Hot and Sticky

Hot, sticky, and miserable. The kind of weekend where you’re perpetually tired, both from the heat itself and from the fact that the heat kept you from sleeping the night before. In my case, I coped today by keeping all the blinds shut and not moving all day. Yesterday I just drove around all afternoon, enjoying the air-conditioned comfort my car provides but my apartment is lacking.

Some people really enjoy this kind of weather when it makes its brief appearances here. I understand how they feel and I respect their opinions. I feel so much love and understanding that I’ve even devised a pet name for them: “freaks”.

I’m going to go hang out in the frozen food department at Safeway until Growing Up Brady comes on…

Some Idiot’s Foot

It started when I accidentally brushed against this guy’s foot with mine while standing in the back room of my friendly neighborhood sex bar. I realized I’d done it immediately and had already stepped away. I was about to utter “excuse me” when he whined in his annoying San Francisco perpetual faggot victim voice “you’re on my foot”.

Of course, I was already off his stinky little foot at this point anyway, but I finished my “excuse me” like a good, polite Southern boy. He just glared at me. I was thinking about how this happens to my poor, tortured foot about a dozen times every time I walk into a crowded bar without causing me a moment’s anguish. It sort of comes with the territory in bars, and especially in back rooms. You step on someone, you excuse yourself, they acknowledge, and you both get on with your lives.

Still, he kept glaring like I was some drunk (I wasn’t) sack of shit (I may have been). I looked at him and re-iterated “pardon the FUCK out of me, jackass” and walked away. I heard some whiny comment, and I turned around to tell him “welcome to the back room, where sensibilities occasionally get offended”. Then I wnet home.

Walking down Folsom Street, I started wondering why this had set me off so. Of course he was an idiot, but I’ve dealt with other idiots hundreds of time in the same bar. Why did I snap? And why do I seem to be doing it so often lately? I’ve done it at work, in the car, by email, or wherever I happen to be at the time.

I’m easily annoyed. This is not a major revelation. I’ve always been sort of an impatient grumpy kind of guy, but I usually manage to have a sense of humor about it. Why am I so damned irritable lately? Why am I overreacting to damn near everything?

From careful statistical analysis of my recent blow-ups, I’ve determined that what I’m doing is overreacting to other people who overreact to ME. I’m not sure what this might be a symptom of, but I know it could sure get me hurt if I don’t watch out…

Scat

Only three scatalogical email messages so far, and one of them even gave me cool tips on how I could even make my shit FLOAT if I were so inclined. Thank God for this font of useless information we call “the internet”.

Shit. Literally.

Take the new and improved Planet SOMA Factory tour…

Crimes against nature:

  • Canned corn
  • Low-flow toilets
  • The upcoming “Gilligan’s Island” marathon on Nick-at-Nite

Of course, numbers one and three paint me as a snob and number two makes me look anti-environment. But canned corn is just plain nasty, on the same level as canned squash and canned rutabagas. “Gilligan’s Island” is pure crap, and while I love a lot of crap, I don’t love this particular crap. Number two on the list is, of course, related to crap as well and to the fact that I want said crap to disappear when I ask it to by flushing the crapper.

I guess number two could also be related to “number two”, for those of you who grew up using that particular term. I grew up in a “stinky” house myself. It seved as both noun and verb (“I have to stinky” or “there’s still stinky in the commode”). Most of my friends were from “doo doo” homes. I never met “poop” people until I moved to California, and even then, most of them were from Ohio.
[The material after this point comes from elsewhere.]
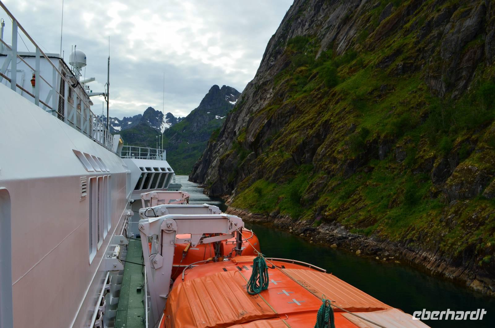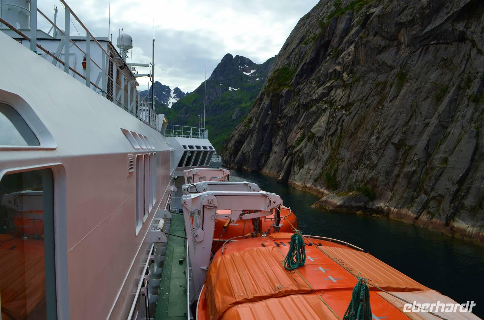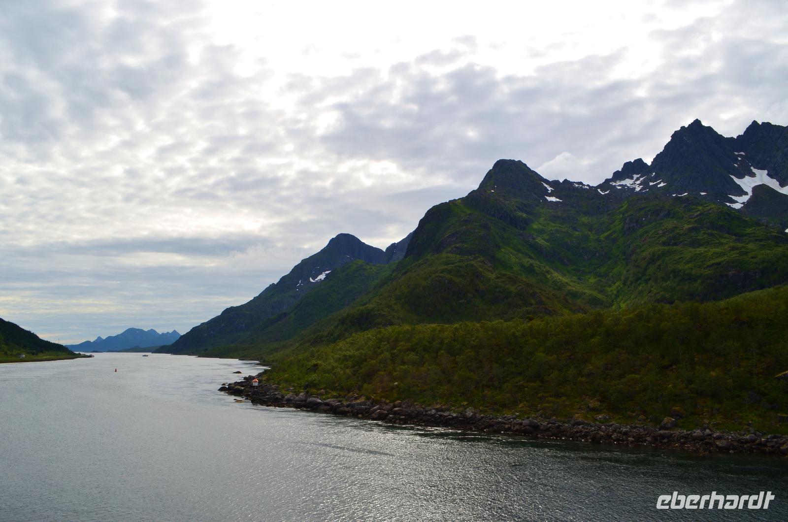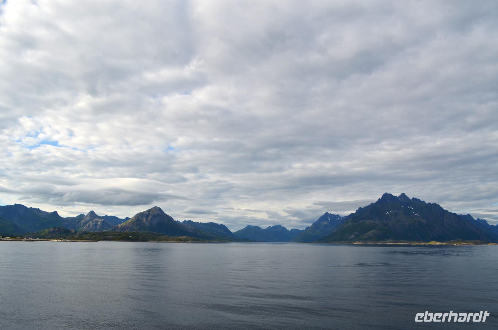 Am Morgen etwas Regen - aber die Sicht auf die grandiose Bergwelt ist frei. Wir fahren am Balsfjord vorbei, weiter durch die Berge und über die Fjelle von Troms gegenüber von Narvik am Ofotfjord entlang und dann - die Vesteralen mit Stockmarknes - dem Hurtigrutenmuseum und guter Sicht auf die Gipfelwelt der Vesteralen und der Lofoten. Unser Hurtigrutenschiff ist eines der modernen Flotte, die M/S „Nordlys" und sie steuert gerade den Hafen an, als wir ankommen. Damit können wir ihre Ankunft noch schön auf unseren Foto- und Filmgeräten festhalten. Der nächste Höhepunkt der Reise steht bevor - die schöne Fahrt durch den Raftsund, hinein in den engen Trollfjord und dann weiter durch die Inselwelt der Lofoten bis Svolvær - herrlicher Sonnenschein jetzt und die Fahrt einfach unbeschreiblich schön.

Please don’t inundate me with email about the term you used to describe defecation unless it was really funny…

Straight-acting?

Seems I’m a “somewhat feminine” Level 5 on the straight-acting scale. Mind you I still have no earthly fucking idea just what “straight acting” means, but at least I know that — whatever it is — I don’t do it very well. This is a terrific comfort to me and is comparable to my happiness that I’m apparently not great at “gay acting” either, whatever THAT is….
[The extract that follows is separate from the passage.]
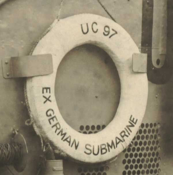 After WWI ended in 1918, the much maligned Treaty of Versailles required Germany to all but totally disarm. As part of the agreement, Germany would not be allowed a submarine fleet. In 1919, brought here by the US Navy as war booty, the UC-97 went on a tour of the United States waterways to promote Victory Bonds. Victory Bonds were issued as a means of immediately recuping some of the costs of prosecuting the war. After a succesful tour of Wisconsin and Illinois ports of call, fulfillment of the Treaty required that she be sank within three years. After being hauled out for target practice in 1921, the USS Wilmette sent her to the bottom with her 4 inch guns, about 19 miles off shore from Wilmette, Il. In 1977 she was rediscovered by the US Navy. In 1992 she was viewed by underwater camera, showing her to be well intact and upright on the bottom--her designation UC-97 still clearly visible. Will she ever rise again? Stay tuned. |

What I can’t figure out is this: what effect did having a T-shirt with a cartoon character on it have on my score? Does it matter if it was, say, Quisp rather than Quake?

These results, along with yesterday’s indicating that I’m a brown have convinced me that (a) I’m right in the boring average middle of just about any scale, and (b) that I should stop taking quizzes I learn about from Jonno’s site.

In other news, I’ve been asked to pose naked, to move the fuck to Cuba, and to apply for three more credit cards today. Interesting Monday. Yours?